On n’arrête plus Ridley Scott. Que ce soit derrière la caméra ou dans ses prises de parole, le réalisateur ne s’arrête plus. Il cumule les tournages – il est actuellement dans les salles avec The Dog Stars – et il dézingue à tour de bras dès qu’on lui tend un micro. Récemment, il disait encore combien Alien : Romulus (qu’il a pourtant produit) était tout juste passable et que personne n’a fait de meilleure suite à Alien que ses propres préquels.
Chacun jugera de son approbation ou non des propos du bonhomme, mais s’il y a bien une donnée factuelle indéniable, c’est le box-office. Et à ce jeu-là, les dernières œuvres de monsieur Scott ont eu tendance à lui donner des coups secs derrière la nuque. Aucun n’a été rentable et encore moins si on compte le budget promotionnel, qui a tendance à multiplier le nombre annoncé par deux. The Dog Stars en est un bel exemple puisqu’il fait un premier week-end américain à 19 millions alors qu’il en a coûté 70. Les retours n’ont pas été plus unanimes avec des scores parmi les plus faibles de sa filmographie sur les sites d’annotation. Mais est-ce que vous croyez que cela le fera se remettre en question ?

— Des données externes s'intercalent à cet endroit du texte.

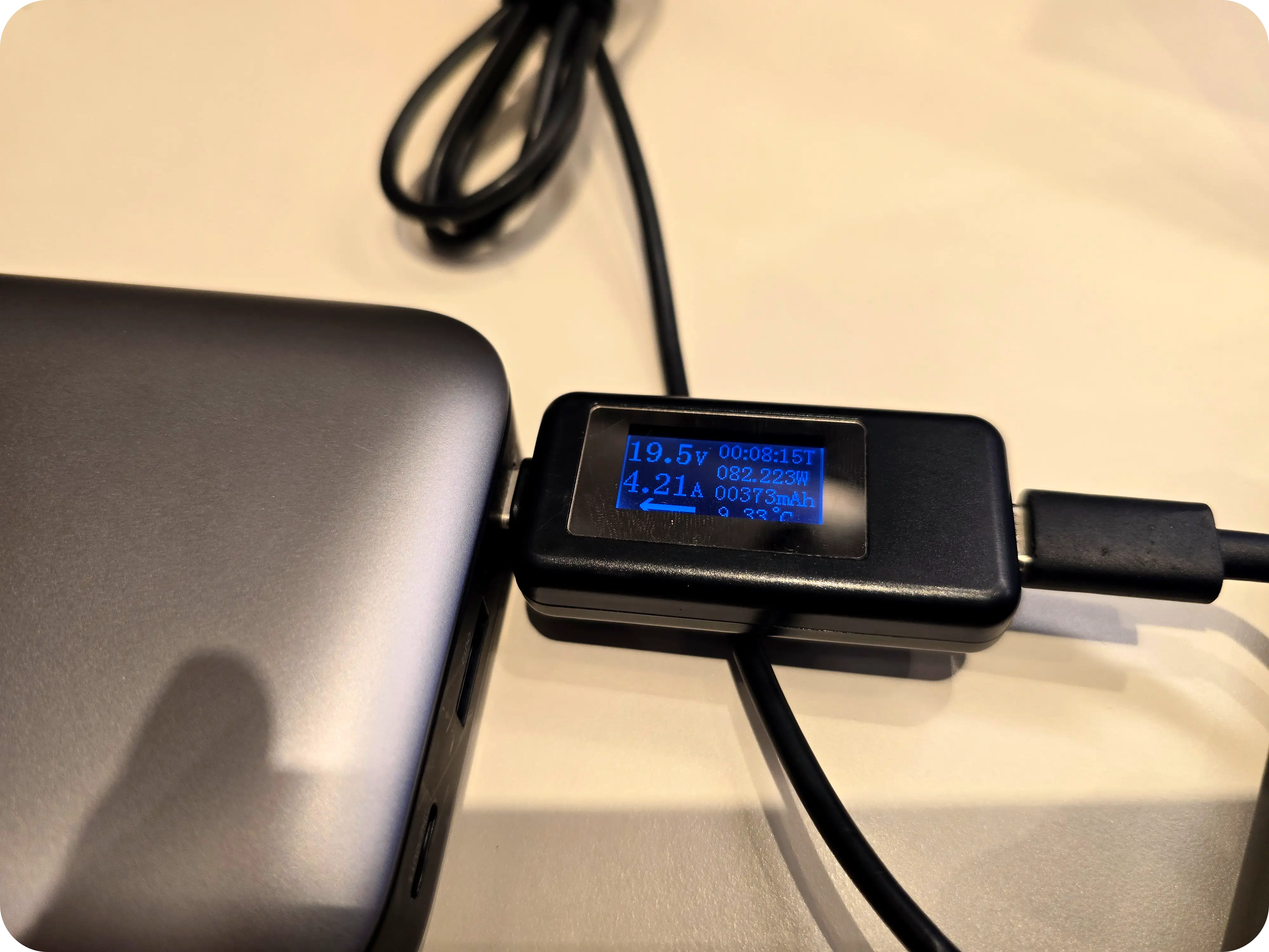 100W 충전을 지원하는 보조배터리를 연결하니 80W 이상의 충전을 지원하는 것을 확인했다. 이 조그마한 충전기 하나가 너무나 든든한 느낌이다.

Parce que ce qui nous intéresse aujourd’hui, ce sont les propos qu’il a tenus sur le film le plus “rentable” de sa carrière récente : Gladiator 2 (notre critique). Alors attention, le film a rapporté 462,2 millions de dollars pour un budget situé entre 210 et 310 millions, ce qui équivaut toujours à un bon gros flop. Et ça, Ridley Scott en a pleinement conscience. Il a juste moins conscience qu’il pourrait avoir sa part de responsabilité avec ses requins dans le Colisée.
Gladiator 2, le film des vrais bonhommes !
Non, pour lui, sa seule faute, c’est d’avoir embauché le vrai coupable sur le projet. Du moins, c’est ce qu’il aurait dit au journaliste de Puck, Matthew Belloni. “Déclaration” à prendre donc avec des pincettes, qui lui ressemble plutôt bien dans le texte.
Car il faut se souvenir qu’avant d’avoir Jacob Elordi à la tête de The Dog Stars, le rôle devait être tenu par Paul Mescal, héros de son Gladiator 2, qui devait rempiler avec le réalisateur. Une seconde collaboration qui a échoué à cause d’un souci d’agenda de l’acteur. Officiellement. Officieusement, il semblerait que la séparation a été signée au moment où Scott a reproché à Mescal de manquer de “masculinité”, ce qui aurait plombé en grande partie la suite de son péplum. Alors certes, on ne peut pas dire que le comédien ait été convaincant à la tête de Gladiator 2 (il se faisait éclipser dès que Denzel Washington rentrait dans la pièce), mais il ne faut pas oublier qu’il y a un choix de casting et de direction d’acteur normalement et ça, c’est bien la faute de Scott. D’autant que le “manque de masculinité” sonne vraiment comme un faux débat complètement hors propos (et hors sol).
Mais encore une fois, peut-être que tout ceci est une invention et qu’il faudra attendre quelques mois pour que Scott dise officiellement que le manque de masculinité de Jacob Elordi a tué The Dog Stars.